Data entries =>

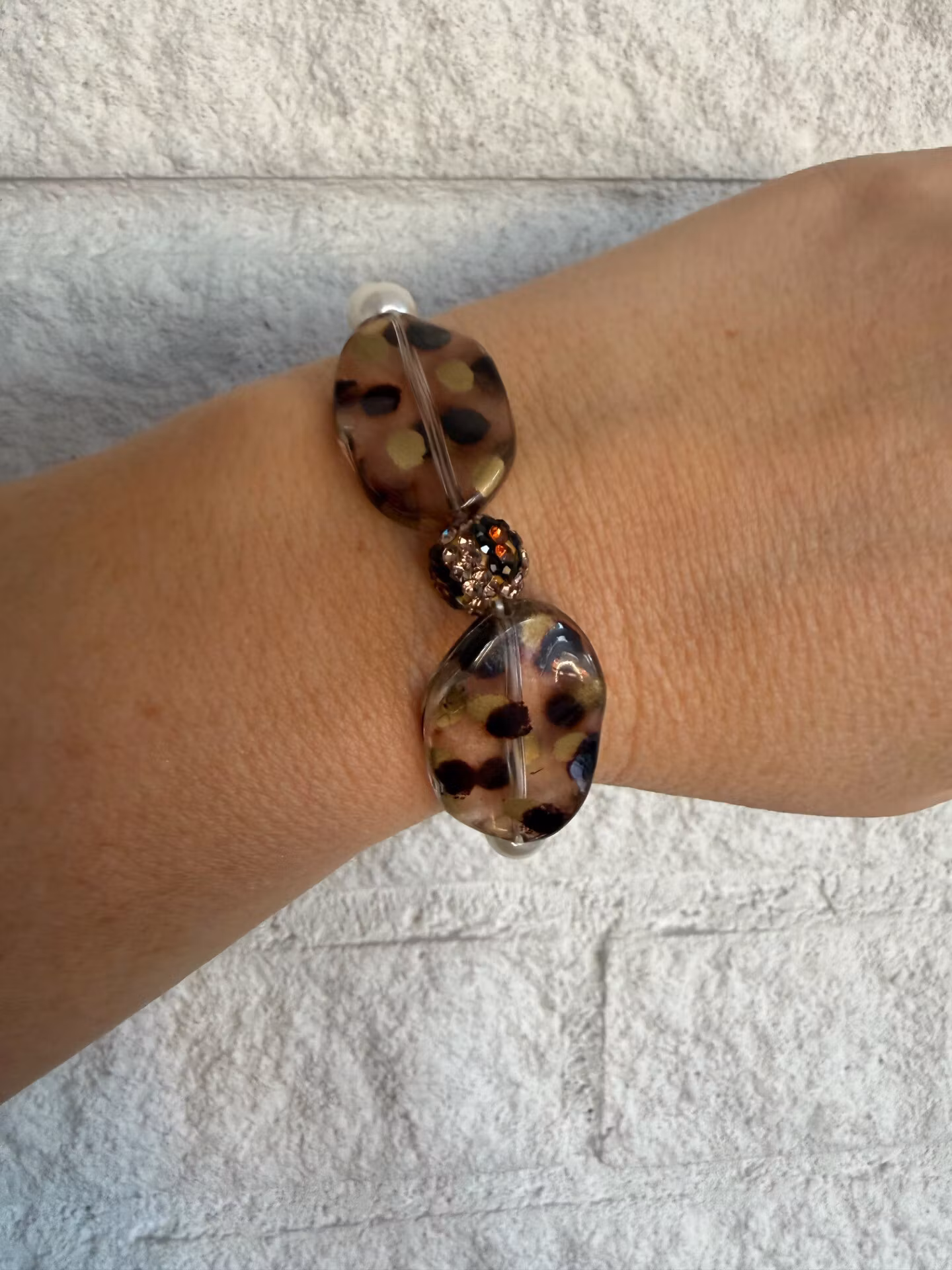 Lekfullt armband där två stora, oregelbundna leopardmönstrade pärlor tillsammans med en gnistrande strassboll står i centrum. Runt om sitter stora benvita pärlo
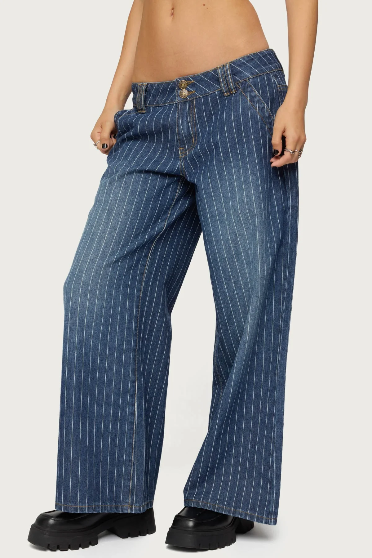 These Petite Striped Wide Leg Denim Pants feature a low rise waist, double button detailing, and are crafted from 100% Cotton for ultimate comfort and style. The striped pattern adds a trendy touch to your wardrobe. Machine washable for easy care. Perfect for everyday wear, special occasions, or casual outings. Available in sizes XS to XL.
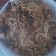 火腿、面条、黑木耳、油辣椒、大蒜、醋、酱油。
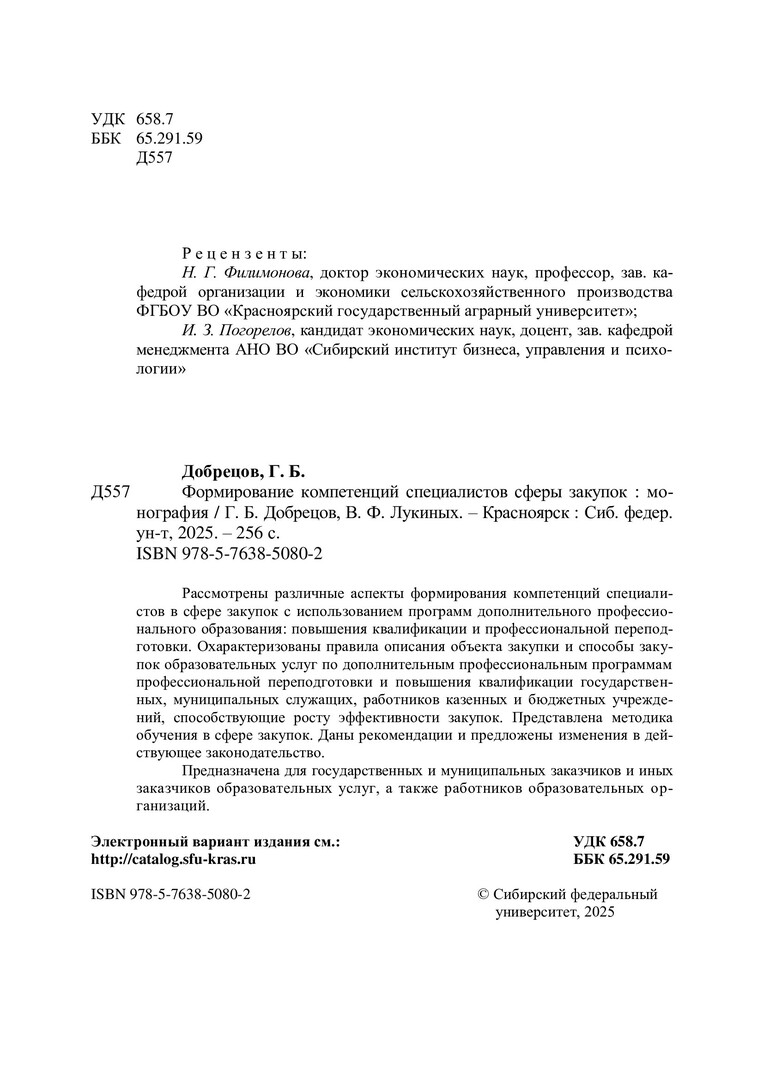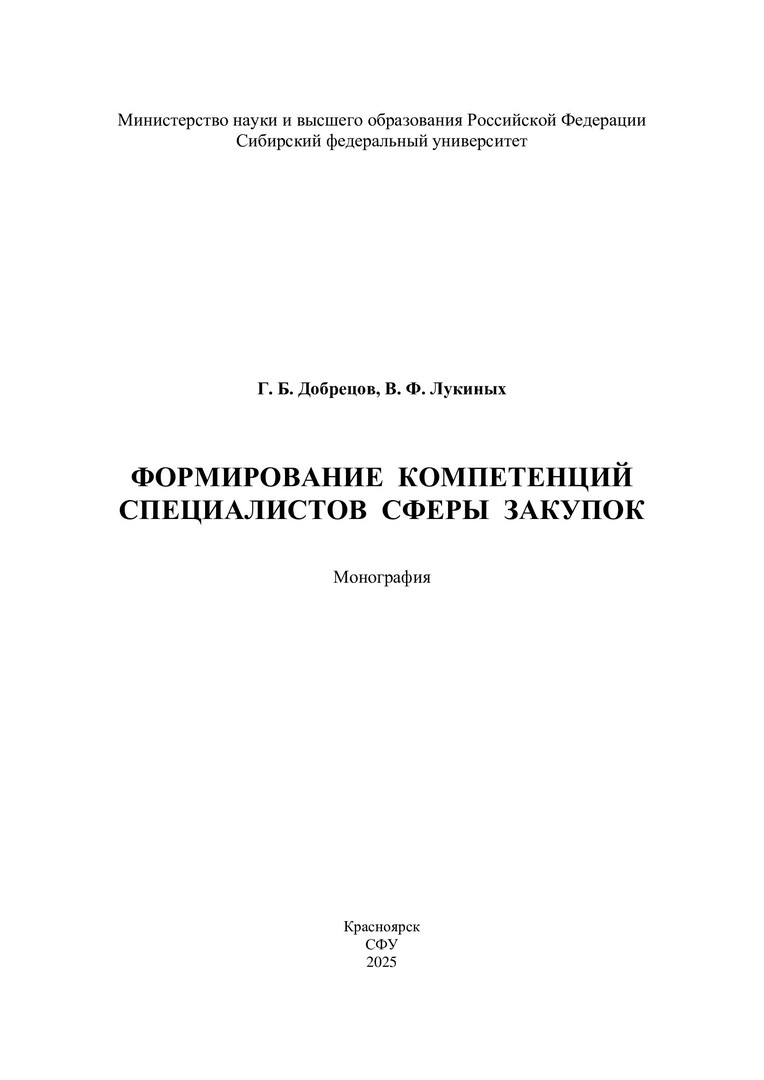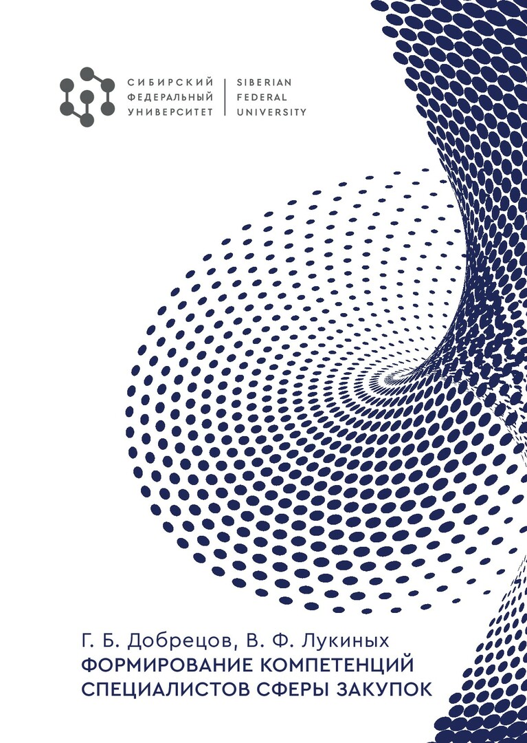 Библиографическое описание: Добрецов, Григорий Борисович. Формирование компетенций специалистов сферы закупок : монография / Г. Б. Добрецов, В. Ф. Лукиных ; [рец.: Н. Г. Филимонова, И. З. Погорелов] ; Сибирский федеральный университет, [Институт торговли и сферы услуг]. - Красноярск : СФУ, 2025 (2025-06-20). - 251 с., 15,75 усл. печ. л. : рис., табл. - Библиогр.: с. 221-228. - 500 экз. - ISBN 978-5-7638-5080-2 : 234.36 р. - Изд. № 2024-23069. - Текст : электронный + Текст : непосредственный.
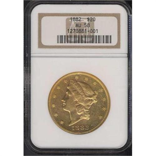 <b>1882 $20 Liberty. NGC graded AU58.</b> Frosty and immediately identifiable as a very rare circulation strike by the presence of luster and the soft, rounded appearance of the lettering (rather than the squared-off sharp detail of a circulated Proof). Proofs of this and other years are, of course, extremely rare. But for 1882 from the Philadelphia Mint, business strikes are just as desirable and also fittingly rare. The usual scattered abrasions are noted on the surfaces but none of these are deep or terribly detracting. There are probably no more than a handful AU 1882 double eagles known and this lovely AU58 is certainly among the best of these. A solid Condition Census coin that should result in serious bidding.
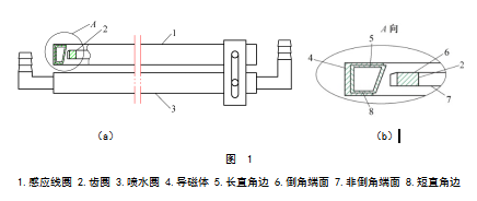 (1)調整淬火感應圈1的截面形狀,使淬火感應圈的截面形狀為直角梯形(見圖2b),淬火感應圈的三個直角邊的外周均包覆有導磁體4,導磁體進行磁場屏蔽,減少能量損失,起到了節能作用,淬火感應圈1水平放置且淬火感應圈的長直角邊5朝上,將齒圈2放置于淬火感應圈1內且齒圈2的倒角端面6朝上。
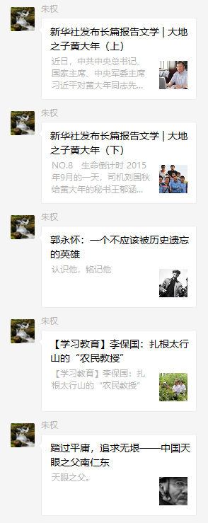 支部书记朱权同志在支部微信群里分享《新华社发布长篇报告文学|大地之子黄大年》,《郭永怀:一个不应该被历史遗忘的英雄》,《李保国:扎根太行山的“农民教授”》和《踏过平庸,追求无垠——中国天眼之父南仁东》等学习资料供支部成员进行学习。

Activity => Please give an exact copy of the lines from the line containing "(1)調整淬火感應圈1的截面" through the end of the records above, pictures excluded.

Reply to the exercise =>
 (1)調整淬火感應圈1的截面形狀,使淬火感應圈的截面形狀為直角梯形(見圖2b),淬火感應圈的三個直角邊的外周均包覆有導磁體4,導磁體進行磁場屏蔽,減少能量損失,起到了節能作用,淬火感應圈1水平放置且淬火感應圈的長直角邊5朝上,將齒圈2放置于淬火感應圈1內且齒圈2的倒角端面6朝上。
 支部书记朱权同志在支部微信群里分享《新华社发布长篇报告文学|大地之子黄大年》,《郭永怀:一个不应该被历史遗忘的英雄》,《李保国:扎根太行山的“农民教授”》和《踏过平庸,追求无垠——中国天眼之父南仁东》等学习资料供支部成员进行学习。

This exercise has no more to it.